**Your task:**
Every entry below should be printed exactly, without its images.

=== Begin Enclosure ===

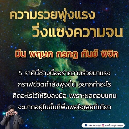 หมอเค้ก Magic stone เผย ดวงชะตา 5 ราศี ความรวยพุ่งแรง วิ่งแซงความจน กราฟชีวิตกำลังพุ่งขึ้น อยากทำอะไรคิดอะไรไว้ให้รีบลงมือ ประกอบด้วย ราศีมีน ราศีพฤษภ ราศีกรกฎ ราศีกันย์ และ ราศีพิจิก
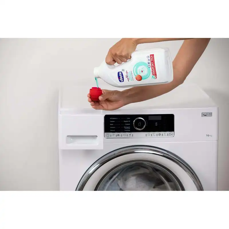 Detergjent higjienizues për rroba “Chicco – Hygienizing Laundry Detergent”, ndihmon në largimin e mikrobeve dhe baktereve për një dezinfektim të thellë të veshjeve të fëmijëve dhe të gjithë familjes.
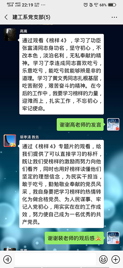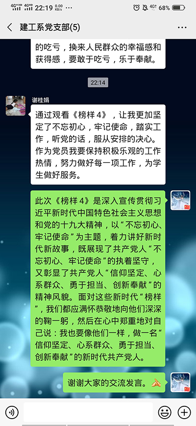 观看后🔟,党员老师们对此感触很深,纷纷发来感言,在微信群里进行交流。
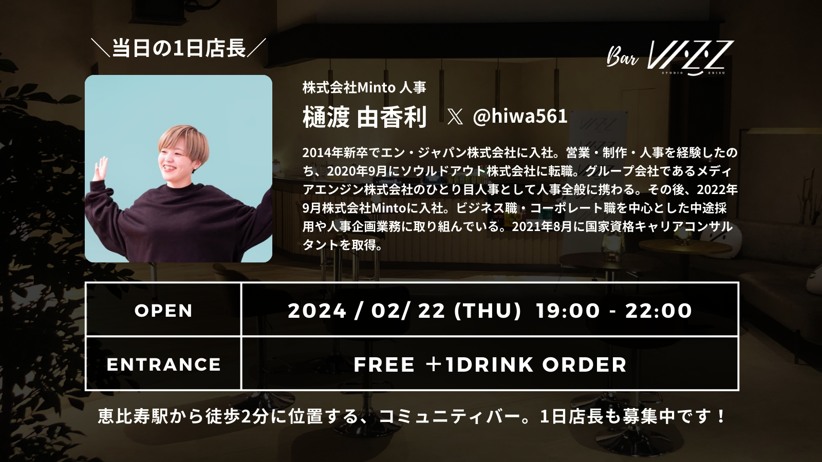 そして、プレオープン第5弾となる2月22日(木)のBar VIZZは、株式会社Mintoにて人事を務める、樋渡 由香利(ひわたし ゆかり)さんが1日店長を務めます!
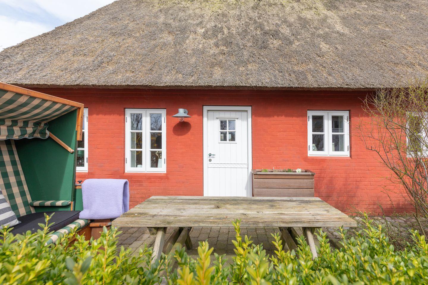 Erleben Sie das reetgedeckte Hyggehüs in Risum-Lindholm mit moderner Ausstattung, Garten und kostenfreiem WLAN für entspannte Urlaubstage.
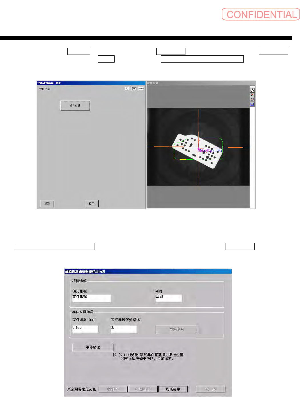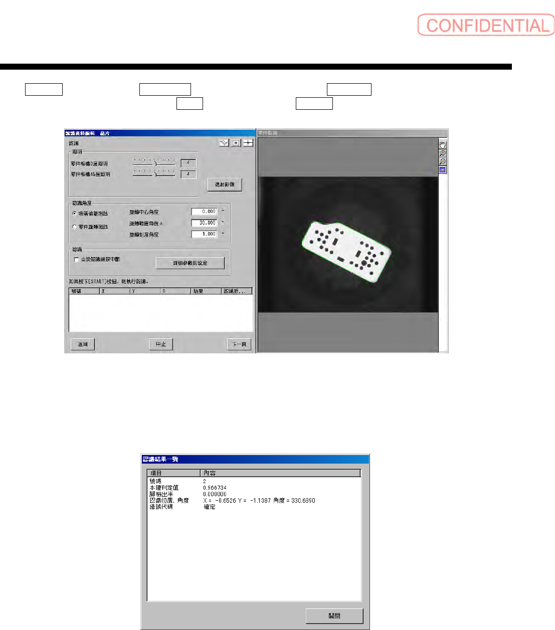 零件认识数据制作篇 2 . 顺序 2-60 电子零件装着机 SI-G200Mk3 (CS) 点击 下一頁 ( 下一页 ) 。向 認識開始 ( 认识开始 ) 画面移动,按 ST AR T 钮,执行识别。 识别被执行,如果识别结果处 显示 確定 ( 确定 ) 后,请按 STOP 钮,停止认识处理。 图 2.1.7-1 3 認識 ( 认识 ) 设定 画面 若点击结果的行列,则显示其 详细内容。 图 2.1.7-1 4 認識結果一覽 ( 认识结…

=== End Enclosure ===

**Solution to the exercise:**
 หมอเค้ก Magic stone เผย ดวงชะตา 5 ราศี ความรวยพุ่งแรง วิ่งแซงความจน กราฟชีวิตกำลังพุ่งขึ้น อยากทำอะไรคิดอะไรไว้ให้รีบลงมือ ประกอบด้วย ราศีมีน ราศีพฤษภ ราศีกรกฎ ราศีกันย์ และ ราศีพิจิก
 Detergjent higjienizues për rroba “Chicco – Hygienizing Laundry Detergent”, ndihmon në largimin e mikrobeve dhe baktereve për një dezinfektim të thellë të veshjeve të fëmijëve dhe të gjithë familjes.
 观看后🔟,党员老师们对此感触很深,纷纷发来感言,在微信群里进行交流。
 そして、プレオープン第5弾となる2月22日(木)のBar VIZZは、株式会社Mintoにて人事を務める、樋渡 由香利(ひわたし ゆかり)さんが1日店長を務めます!
 Erleben Sie das reetgedeckte Hyggehüs in Risum-Lindholm mit moderner Ausstattung, Garten und kostenfreiem WLAN für entspannte Urlaubstage.
 零件认识数据制作篇 2 . 顺序 2-60 电子零件装着机 SI-G200Mk3 (CS) 点击 下一頁 ( 下一页 ) 。向 認識開始 ( 认识开始 ) 画面移动,按 ST AR T 钮,执行识别。 识别被执行,如果识别结果处 显示 確定 ( 确定 ) 后,请按 STOP 钮,停止认识处理。 图 2.1.7-1 3 認識 ( 认识 ) 设定 画面 若点击结果的行列,则显示其 详细内容。 图 2.1.7-1 4 認識結果一覽 ( 认识结…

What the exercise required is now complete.